Maggoty potatoes

Today, my wife recounted me scenes from Glass Castle, a book she had read about a family raised by alcoholics. The neglect and abuse was astounding. Although my story is less severe, I had dizzy spells listening to her, and could see many similarities. 


“They even had to pick around maggots in their food!” She mentioned.

I suddenly recalled a time when our potatoes starting rotting. I am not sure if many readers have smelled rotten potatoes. The starch in them ferments, causing a smell like rotting flesh. It is a truly horrendous smell.

One day, when I was about ten, my dad told me to take our rotten bag of potatoes and wash them off to find the good ones.

As I took them out, I found that they were not only rotten, but crawling with maggots. 

I gagged, and protested, but he simply told me to keep doing it. 

I remember distinctly holding the potatoes under the tap water and rubbing them vigorously, without looking at them. I did not want to know if I was knocking off “eyes” from the potatoes, or maggots. It was disgusting. I had to keep stifling the urge to vomit.

This was a one-off experience. My dad did not often ask me to do this, probably because we did not often have maggoty potatoes.

What stands out to me about this experience as I recall it was the cold flippancy with which my dad told me to wash them. Always the compliant child, he knew that I would do his bidding. (Good luck getting my two brothers to do this task!) When I protested, he just didn’t care. It didn’t make the slightest impression on him that I was retching into my mouth, and completely horrified by the vileness of the task. He just told me to have it done by suppertime and left the room.

The other thing that stands out to me is that he made me do it. He didn’t do it himself. 

I suppose, to be fair, dad did do dirty work sometimes, such as cleaning out the sewer when it got clogged. But then he made a point of showing me how dirty his hands were, so I would feel guilty about clogging the pipes…I still feel a twinge of guilt when I think of him standing there, with that look, showing me his hands. But it seemed to cost him nothing to make his son do such a dirty job.

If I were to compare this to myself, there are a number of things that I would not do:
  1. Potatoes are not expensive. Although my parents often (melodramatically) complained about being poor, they were steadily employed in a  blue-collar industry. I have never made more than them, and have lived in the same town. I can afford a new bag of potatoes, and so could they. 
  2. Were I to try to rescue food, I would gingerly pick out the good ones out of the top, and chuck the rest. I wouldn’t wash off the maggoty potatoes. I can’t imagine ever being that desperate! (And this from someone who actually has done dumpster-diving!)
  3. Were I to do such a disgusting task, it would cost me dearly to see my son doing it, and retching into his mouth. I couldn’t handle it! Because I am a healthy person, I would have too much empathy to do this to my son
  4. If there were unpleasant tasks, I would share them equally amongst my children. My dad was not able to do this, because his other two children were fundamentally out of his control most of the time. One would rebel, the other would cry. Only I would obey: and so I got saddled with the lion’s share of responsibilities. But I try (and, I think, succeed) to share burdens far more equally. Because (despite being a far “gentler” leader) I am actually in far more control of my children and household than my dad ever was of us.
***

As I reread this later, I feel like my mind wants to pair this memory with another memory, the time that I passed out as a child. Aside from the time that I passed out due to being forced to breathe in lead fumes while helping dad, there was another time when I passed out from cutting cherries. 

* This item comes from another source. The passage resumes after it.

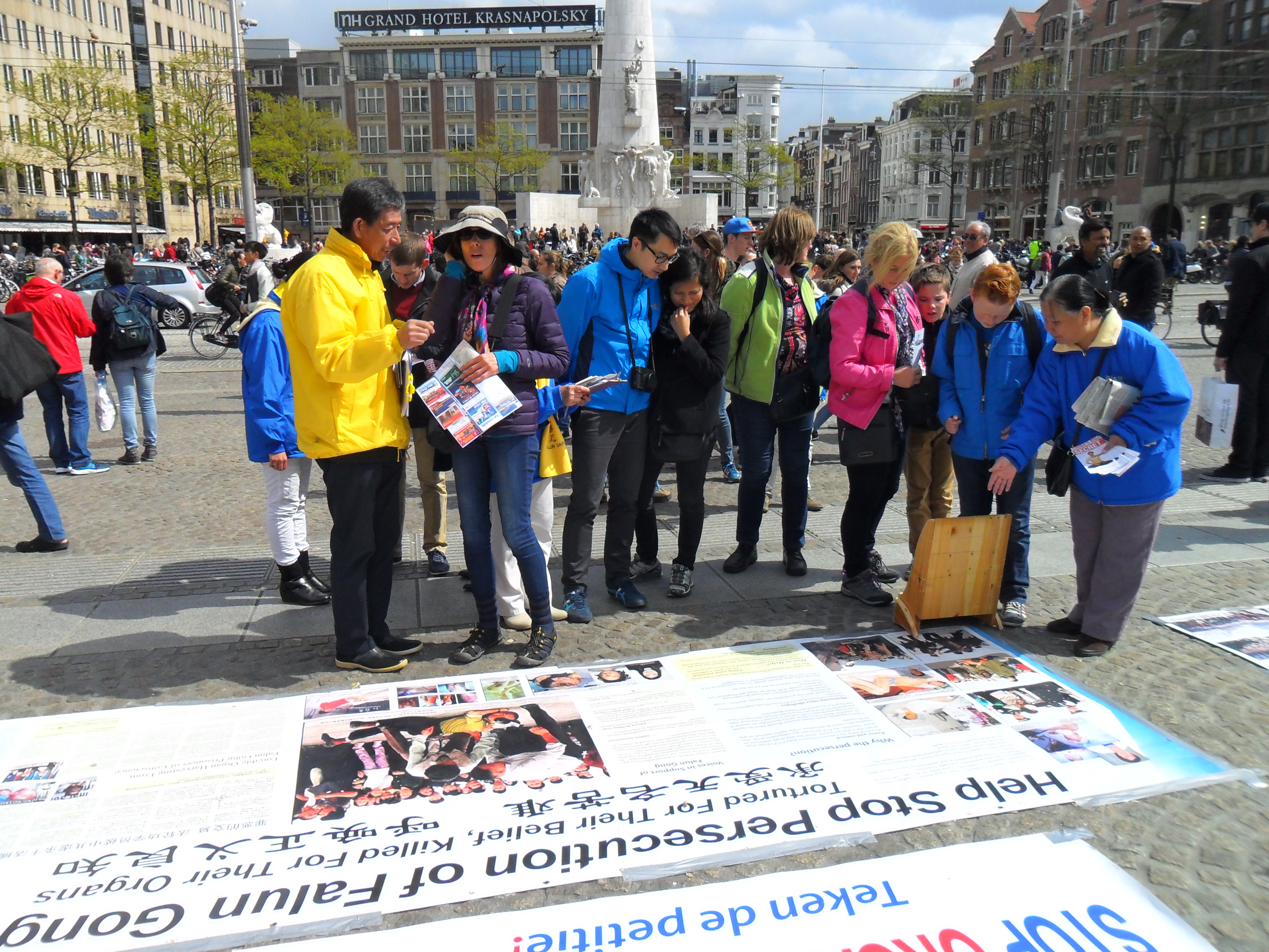 ![]() 阿姆斯特丹王宫前达姆广场上,游客签名支持法轮功反迫害 |

It happened in the same place, at about the same time in my life. I had been cutting cherries for cookies, alone in the kitchen. I came to the sink and looked at my hands. They were very red with cherry juice. Perhaps I thought it was blood? I walked to the bathroom and passed out on the way. 

My parents freaked out, and freaked me out: I went to the hospital and was found to be anemic: our diet did not contain enough iron, apparently. And so I got a lot of gingerbread cookies for a while.

Anyways, it occurs to me that perhaps the real reason I passed out at this time, in this place, was that it triggered this previous memory of working with the maggoty potatoes? Perhaps this, combined with the sight of blood caused me to pass out?

At any rate, what stands out to me in both of these memories is the servile position I took. 

My parents would tell me to do tasks, and I would do them. While my brothers sat and watched TV or fought, or did whatever they did. It was always me doing the work. 

It's just the role I was groomed to play in that home.